What’s more, the physician also could be sued for medical malpractice and face professional discipline. The opinion echoed the take of another issued years before, specifying that state law does not allow doctors help terminally-ill patients to die.
That was then. In the now, following a decades-long debate, Hawaii’s stance on the controversial matter of medical aid in dying has shifted dramatically. Taking effect this week is a new state law, “Our Care, Our Choice” Act, which allows terminally ill adult residents with six or fewer months to live, to obtain a lethal medication prescription.
As expected, longtime state political lobbyist John Radcliffe, a terminally ill cancer patient who pushed hard for the measure, on Wednesday became the first Hawaii patient to request such a prescription. The state Health Department projects as many as 40 to 70 patients will follow suit this year.
The law is rightly tethered to strict guidelines. Still, we can expect a potentially bumpy implementation as few doctors and pharmacists appear to be willing to prescribe the medication or fill orders, respectively. Such resistance is understandable.
Medical aid in dying’s supporters assert that the prescription is not tantamount to a suicide setup because death is shortly to be inevitable, and the drug serves as a compassionate ease to that end. Opponents counter there’s no way to know when death will come, and signing off on the prescription directly collides with health care’s do-no-harm Hippocratic Oath.
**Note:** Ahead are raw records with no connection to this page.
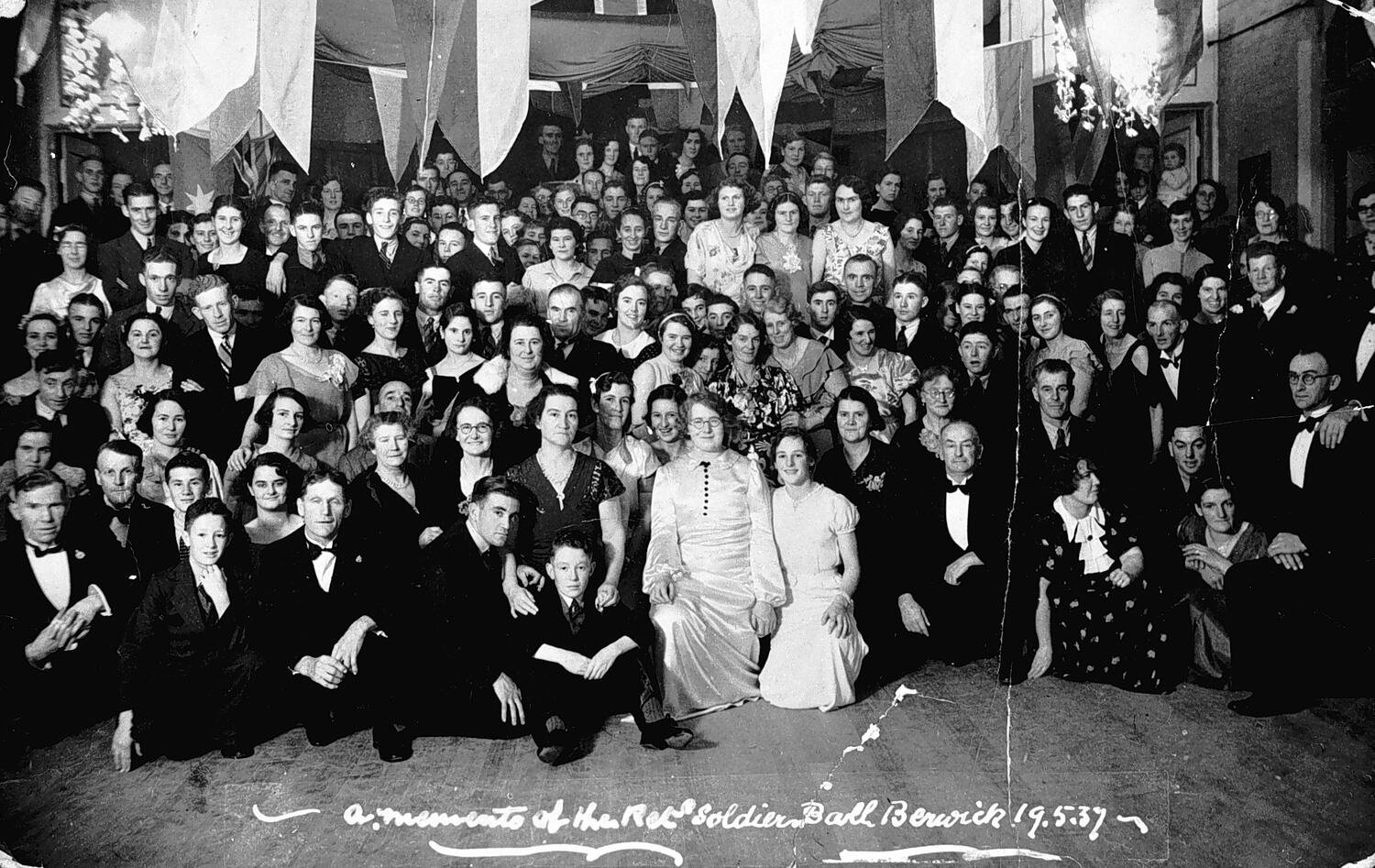 A group portrait of men and women at a returned soldiers ball.
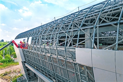 8月7日,在县旅游集散中心工地现场,工人们正进行外立面施工,抓紧时间为下一阶段做好充足准备。进入8月,天气晴雨交错,给我县各个项目建设带来巨大的挑战。针对此情况,东部新区旅游集散中心、博览中心和高新区各个新建厂房等各重点建设项目,按照“大雨暂停、小雨小干、晴天错峰”原则,“见缝插针”赶工期,确保各个项目保质保量完成预定目标。记者 魏瑞 摄
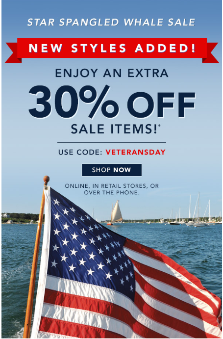 Details: Star Spangled Whale Sale! Take an Extra 30% off sale items. New styles added. Not valid at vineyard vines outlet stores.
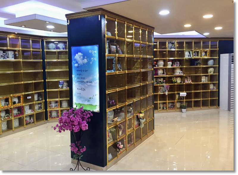 건물 내부에 안치 공간이 마련되어 있어 비나 눈이 오는 날씨나 춥거나 더운 기온을 보일 때도 부담없이 찾아 만날 수 있으며 그리움을 느낄 때면 언제든지 오갑니다.화장한 뼈분을 유골함에 봉안하게 되는데 온도와 습도의 변화폭이 크면 유골함이나 유골함에도 영향을 줄 수 있고 내부 습도, 온도는 변동이 없도록 냉난방 시스템이 가동되어 쾌적함 속에서 만나게 됩니다.
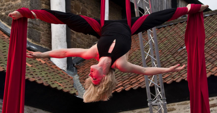 Spectators will watch on in amazement as a beautiful aerialist performs elegant climbs, drops, twirls and spins on coloured silks, whilst below her fire artists perform a range of daring stunts! Fire sticks, clubs, flares, pyrotechnics and fireworks create a whirling kaleidoscope of white-hot sparks and orange flames with a backdrop of atmospheric music.
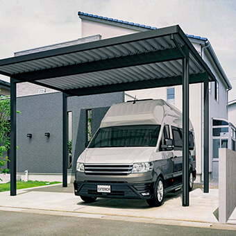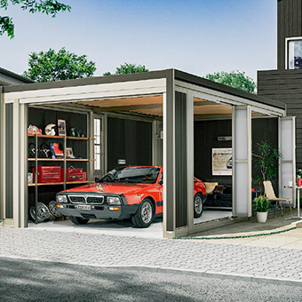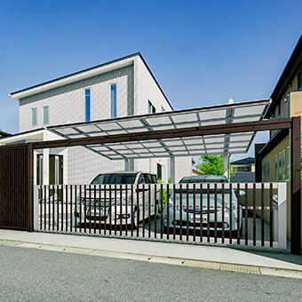カーポートの前面に開閉式の扉を備えたタイプで、防犯性やプライバシー性をさらに高められるのが特徴です。外からの視線や侵入を防ぎつつ、シャッター車庫よりも開放感があり、コスト面でも比較的導入しやすい点が魅力です。住宅の外観に合わせたデザインも豊富で、安心感と見た目の両方を重視する方に選ばれています。
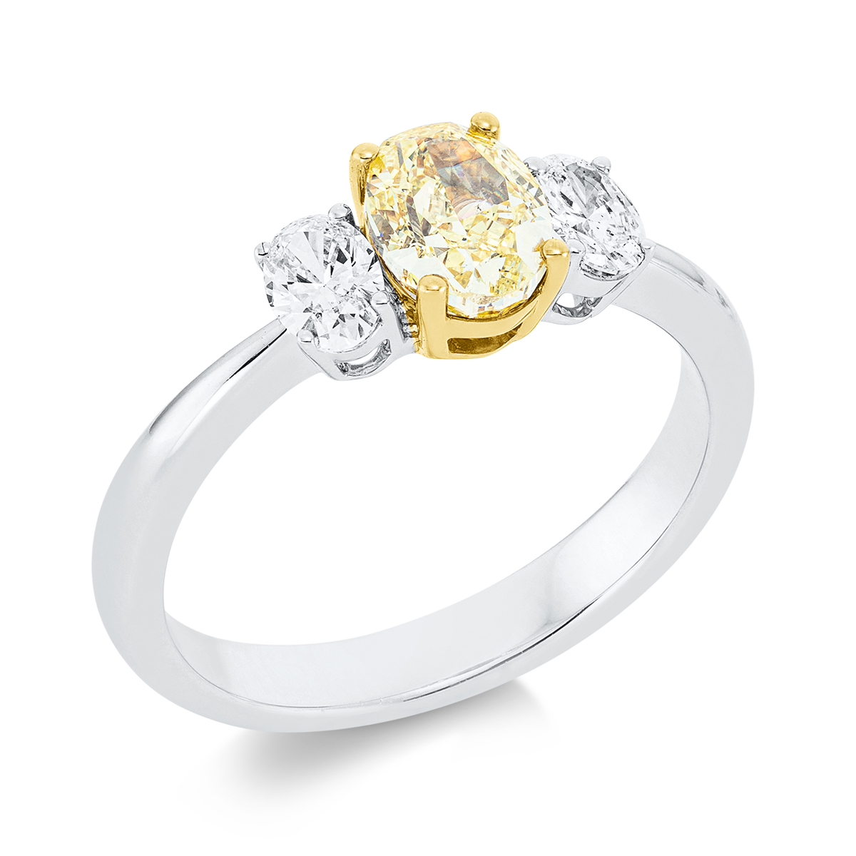Ring 18 kt WG+GG, GIA 7516571095, 1 Oval 1,01 ct, gelb-si1, 2 Oval 0,47 ct, TW-si, Weite:54

Discussion on the merits of what used to be commonly known as physician-assisted suicide will — and should — continue at the state Capitol and in Hawaii’s various communities. However, with the new law on the books, an immediate priority should be placed on implementation as specified by the measure.
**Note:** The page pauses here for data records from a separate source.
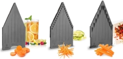 Sættet indeholder tre udskiftelige indsatse med forskellige profiler til tynd skiveskæring og strimler – ideelt til salater, grøntsagsnudler og fritter.
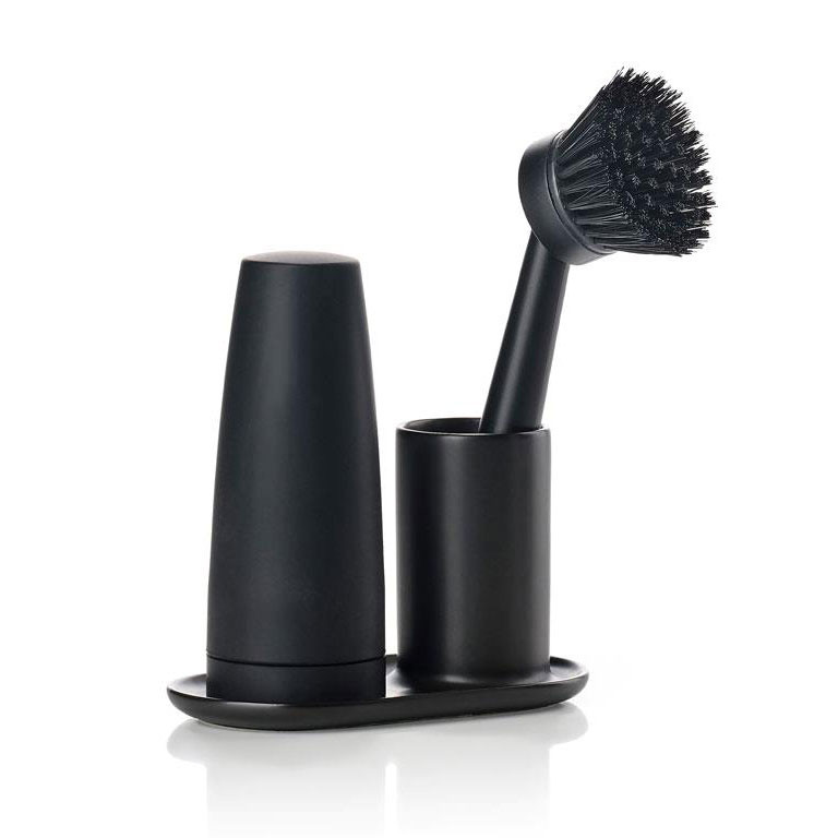 Det svarta disksetet från Zone Denmark har en stilren och enkel design som passar perfekt in i det moderna köket. Diskborstens huvud går att enkelt byta ut och den keramiska hållaren tål diskmaskin vilket gör den både praktisk och snygg. Med pumpflaskan kan du dosera tvål eller diskmedel med ett lätt tryck. Ett perfekt sätt att hålla diskbänken organiserad och snygg.
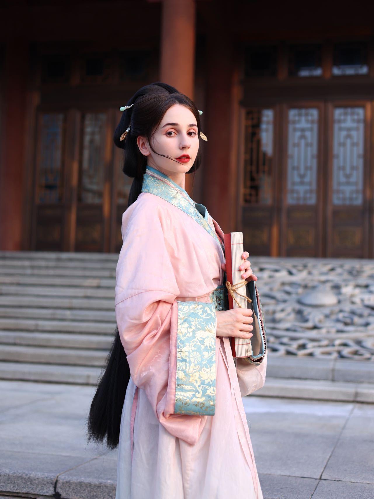 在假期里,安心冉喜欢穿着不同年代的汉服在中国各地旅游拍照、拍视频,让她感觉与环境融为了一体,仿佛穿越到了古代。
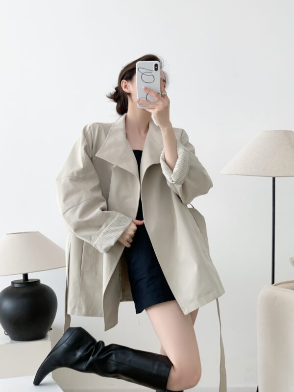 英倫情書 杏仁白色立領風衣外套
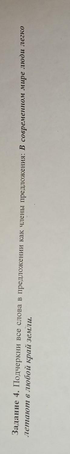Задание 4. Подчеркни все слова в предложении как члены предложения: В современном мире люди легко летают любой край земли.

Hawaii’s Health Department, which is now focused on developing guidance for families and pharmacies regarding safekeeping and storage of the prescription, is recommending that medical-aid-in-dying patients enroll in hospice care. That’s a sensible path as such facilities can help patients and others with medication-related issues and navigation of the law’s guidelines.
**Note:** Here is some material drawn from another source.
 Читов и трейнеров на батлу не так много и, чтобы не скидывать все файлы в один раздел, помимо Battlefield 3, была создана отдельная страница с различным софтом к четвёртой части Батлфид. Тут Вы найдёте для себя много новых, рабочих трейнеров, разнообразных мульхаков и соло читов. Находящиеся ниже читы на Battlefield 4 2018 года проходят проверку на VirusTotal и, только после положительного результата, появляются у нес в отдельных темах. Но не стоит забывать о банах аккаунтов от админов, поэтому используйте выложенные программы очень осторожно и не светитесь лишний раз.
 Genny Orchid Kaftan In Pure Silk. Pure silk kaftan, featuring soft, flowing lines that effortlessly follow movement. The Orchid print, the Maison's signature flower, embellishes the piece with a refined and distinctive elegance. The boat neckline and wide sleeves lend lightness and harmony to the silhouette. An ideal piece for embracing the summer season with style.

The prescription hinges on two doctors confirming the terminal illness and six-month prognosis as well as deeming the patient mentally capable and able to take the medication on his or her own. Also required is a written request overseen by two witnesses, one of whom is prohibited from being a beneficiary of the patient’s estate.
While most Hawaii health care facilities have adopted neutral policies — leaving it up to doctors on whether to participate — Hawaii Pacific Health and The Queen’s Medical Center pharmacies are opting to not take part. Notably opting in, through Kaiser — the state’s largest health maintenance organization — is Dr. Charles Miller, a director and past president of the Hawaii Society of Clinical Oncology.
In January 2017, Miller, Radcliffe and Compassion &Choices, a national nonprofit advocate organization for terminally ill patients, teamed up to launch legislative and lawsuit strategies that rallied support for the new law — and scrapping of the manslaughter charge in medical-aid-in-dying cases.
Hawaii is among seven states, along with Washington, D.C., that have enacted medical-aid-in-dying laws. Each rightly stresses that a patient must always be in control of his or her participation in the process.
Our state leaders and health care officials now have a duty to see to it that the law is effectively implemented while carefully monitoring its consequences.